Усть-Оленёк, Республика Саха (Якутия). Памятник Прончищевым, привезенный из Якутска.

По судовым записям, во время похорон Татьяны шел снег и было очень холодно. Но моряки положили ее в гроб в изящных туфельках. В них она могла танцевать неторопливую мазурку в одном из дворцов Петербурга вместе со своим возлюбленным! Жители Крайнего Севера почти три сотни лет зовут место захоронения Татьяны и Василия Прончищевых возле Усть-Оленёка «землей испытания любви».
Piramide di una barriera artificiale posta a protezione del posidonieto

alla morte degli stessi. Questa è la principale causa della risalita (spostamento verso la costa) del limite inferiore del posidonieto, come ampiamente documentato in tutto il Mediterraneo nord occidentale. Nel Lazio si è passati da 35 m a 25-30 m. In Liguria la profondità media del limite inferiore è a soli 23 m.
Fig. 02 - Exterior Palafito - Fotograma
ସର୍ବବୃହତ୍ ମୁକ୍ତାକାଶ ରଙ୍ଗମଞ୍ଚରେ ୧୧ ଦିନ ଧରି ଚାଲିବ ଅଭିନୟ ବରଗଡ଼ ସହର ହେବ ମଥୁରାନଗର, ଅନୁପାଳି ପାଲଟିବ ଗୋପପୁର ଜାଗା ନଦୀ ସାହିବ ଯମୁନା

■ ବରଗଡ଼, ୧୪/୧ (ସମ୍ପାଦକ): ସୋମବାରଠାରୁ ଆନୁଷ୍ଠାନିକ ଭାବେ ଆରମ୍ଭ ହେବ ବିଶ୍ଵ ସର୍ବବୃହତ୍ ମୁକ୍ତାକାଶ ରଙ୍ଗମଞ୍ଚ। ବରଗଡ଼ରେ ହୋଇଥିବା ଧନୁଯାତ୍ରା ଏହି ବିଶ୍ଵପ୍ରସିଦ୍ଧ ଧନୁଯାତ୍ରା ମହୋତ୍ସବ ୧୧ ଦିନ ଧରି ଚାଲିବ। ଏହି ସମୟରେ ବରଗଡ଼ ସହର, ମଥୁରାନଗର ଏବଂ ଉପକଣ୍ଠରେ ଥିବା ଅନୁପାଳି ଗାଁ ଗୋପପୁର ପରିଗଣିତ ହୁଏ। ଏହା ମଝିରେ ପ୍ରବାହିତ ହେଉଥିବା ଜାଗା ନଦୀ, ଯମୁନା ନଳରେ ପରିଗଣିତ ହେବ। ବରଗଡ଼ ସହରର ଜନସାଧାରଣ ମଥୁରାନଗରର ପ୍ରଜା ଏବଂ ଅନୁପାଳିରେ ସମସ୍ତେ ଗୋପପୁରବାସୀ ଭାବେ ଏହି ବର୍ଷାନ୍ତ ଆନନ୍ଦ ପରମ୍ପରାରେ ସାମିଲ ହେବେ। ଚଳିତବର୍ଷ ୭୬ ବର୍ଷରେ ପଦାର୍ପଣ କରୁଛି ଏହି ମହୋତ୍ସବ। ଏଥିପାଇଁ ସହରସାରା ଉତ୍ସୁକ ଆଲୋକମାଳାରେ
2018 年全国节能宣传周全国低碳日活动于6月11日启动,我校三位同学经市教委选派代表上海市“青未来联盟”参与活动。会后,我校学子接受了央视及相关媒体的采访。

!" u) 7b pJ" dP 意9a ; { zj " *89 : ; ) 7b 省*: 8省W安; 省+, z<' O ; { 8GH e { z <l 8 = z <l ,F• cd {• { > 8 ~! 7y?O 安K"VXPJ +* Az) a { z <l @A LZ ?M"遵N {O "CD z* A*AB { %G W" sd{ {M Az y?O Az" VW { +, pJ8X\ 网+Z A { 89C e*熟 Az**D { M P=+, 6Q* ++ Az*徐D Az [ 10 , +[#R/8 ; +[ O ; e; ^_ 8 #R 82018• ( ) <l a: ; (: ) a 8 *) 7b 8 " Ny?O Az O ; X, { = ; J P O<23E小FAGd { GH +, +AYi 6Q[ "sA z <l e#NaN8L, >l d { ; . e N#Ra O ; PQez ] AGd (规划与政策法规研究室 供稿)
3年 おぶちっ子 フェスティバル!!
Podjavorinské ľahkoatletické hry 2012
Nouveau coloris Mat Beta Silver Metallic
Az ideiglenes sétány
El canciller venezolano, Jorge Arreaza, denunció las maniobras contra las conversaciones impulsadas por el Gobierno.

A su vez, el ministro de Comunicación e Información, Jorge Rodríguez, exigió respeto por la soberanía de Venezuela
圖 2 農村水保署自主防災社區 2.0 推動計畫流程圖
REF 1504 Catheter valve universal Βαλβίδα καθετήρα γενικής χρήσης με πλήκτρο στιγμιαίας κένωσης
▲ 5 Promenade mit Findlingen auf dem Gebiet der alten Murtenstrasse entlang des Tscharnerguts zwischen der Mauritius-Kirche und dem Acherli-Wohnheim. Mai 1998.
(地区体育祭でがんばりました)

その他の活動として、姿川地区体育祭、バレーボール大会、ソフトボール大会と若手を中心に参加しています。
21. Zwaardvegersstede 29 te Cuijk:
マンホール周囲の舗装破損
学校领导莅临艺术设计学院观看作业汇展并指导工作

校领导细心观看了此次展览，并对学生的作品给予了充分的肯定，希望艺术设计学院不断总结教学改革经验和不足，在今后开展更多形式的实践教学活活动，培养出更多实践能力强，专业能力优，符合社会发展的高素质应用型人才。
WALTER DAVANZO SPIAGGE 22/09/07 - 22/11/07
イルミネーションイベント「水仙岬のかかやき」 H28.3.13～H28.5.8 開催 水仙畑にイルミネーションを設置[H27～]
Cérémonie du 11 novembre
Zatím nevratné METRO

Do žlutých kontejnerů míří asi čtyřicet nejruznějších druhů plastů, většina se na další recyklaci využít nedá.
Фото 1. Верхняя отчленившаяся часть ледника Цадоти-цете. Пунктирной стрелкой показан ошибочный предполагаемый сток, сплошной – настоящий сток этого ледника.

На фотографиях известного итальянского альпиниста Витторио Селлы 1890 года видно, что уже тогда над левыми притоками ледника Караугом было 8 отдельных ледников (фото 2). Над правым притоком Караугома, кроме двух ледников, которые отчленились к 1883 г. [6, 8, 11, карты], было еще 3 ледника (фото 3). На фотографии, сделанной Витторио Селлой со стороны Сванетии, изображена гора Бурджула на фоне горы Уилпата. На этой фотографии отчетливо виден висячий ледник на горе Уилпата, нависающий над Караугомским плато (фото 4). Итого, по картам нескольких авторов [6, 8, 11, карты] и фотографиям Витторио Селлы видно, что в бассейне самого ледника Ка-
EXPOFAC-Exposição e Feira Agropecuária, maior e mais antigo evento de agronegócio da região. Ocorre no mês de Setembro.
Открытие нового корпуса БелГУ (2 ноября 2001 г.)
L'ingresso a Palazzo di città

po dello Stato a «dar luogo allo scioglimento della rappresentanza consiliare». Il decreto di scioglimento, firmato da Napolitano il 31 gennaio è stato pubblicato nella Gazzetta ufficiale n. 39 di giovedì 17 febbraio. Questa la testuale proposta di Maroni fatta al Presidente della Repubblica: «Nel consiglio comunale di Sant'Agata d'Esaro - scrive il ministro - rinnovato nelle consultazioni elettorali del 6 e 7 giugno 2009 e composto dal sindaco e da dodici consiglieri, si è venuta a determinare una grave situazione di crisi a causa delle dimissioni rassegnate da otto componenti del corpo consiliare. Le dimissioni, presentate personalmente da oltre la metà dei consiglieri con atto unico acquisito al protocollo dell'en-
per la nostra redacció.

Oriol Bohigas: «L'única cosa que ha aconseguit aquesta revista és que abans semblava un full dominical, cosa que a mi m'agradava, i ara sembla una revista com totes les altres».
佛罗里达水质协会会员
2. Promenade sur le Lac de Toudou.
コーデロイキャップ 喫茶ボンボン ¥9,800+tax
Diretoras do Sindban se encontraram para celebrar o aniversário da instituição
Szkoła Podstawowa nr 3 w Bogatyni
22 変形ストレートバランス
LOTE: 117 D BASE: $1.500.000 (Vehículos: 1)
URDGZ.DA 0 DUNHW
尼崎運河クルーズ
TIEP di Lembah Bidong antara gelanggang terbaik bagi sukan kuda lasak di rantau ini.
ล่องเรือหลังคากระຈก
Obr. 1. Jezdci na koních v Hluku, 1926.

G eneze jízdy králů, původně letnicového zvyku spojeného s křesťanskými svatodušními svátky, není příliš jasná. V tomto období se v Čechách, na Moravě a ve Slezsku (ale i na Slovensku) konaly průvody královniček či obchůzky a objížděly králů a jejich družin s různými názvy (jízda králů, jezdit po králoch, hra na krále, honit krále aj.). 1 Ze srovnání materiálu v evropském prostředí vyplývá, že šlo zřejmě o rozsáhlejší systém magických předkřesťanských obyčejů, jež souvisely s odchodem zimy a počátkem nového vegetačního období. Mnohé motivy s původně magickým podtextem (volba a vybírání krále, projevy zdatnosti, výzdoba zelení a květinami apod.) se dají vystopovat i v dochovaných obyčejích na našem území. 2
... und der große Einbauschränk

══════════

Copy the records above exactly, beginning at the line that contains "TIEP di Lembah" and stopping after the line that contains "Obr. 1. Jezdci na koních v Hluku, 1926.".

TIEP di Lembah Bidong antara gelanggang terbaik bagi sukan kuda lasak di rantau ini.
ล่องเรือหลังคากระຈก
Obr. 1. Jezdci na koních v Hluku, 1926.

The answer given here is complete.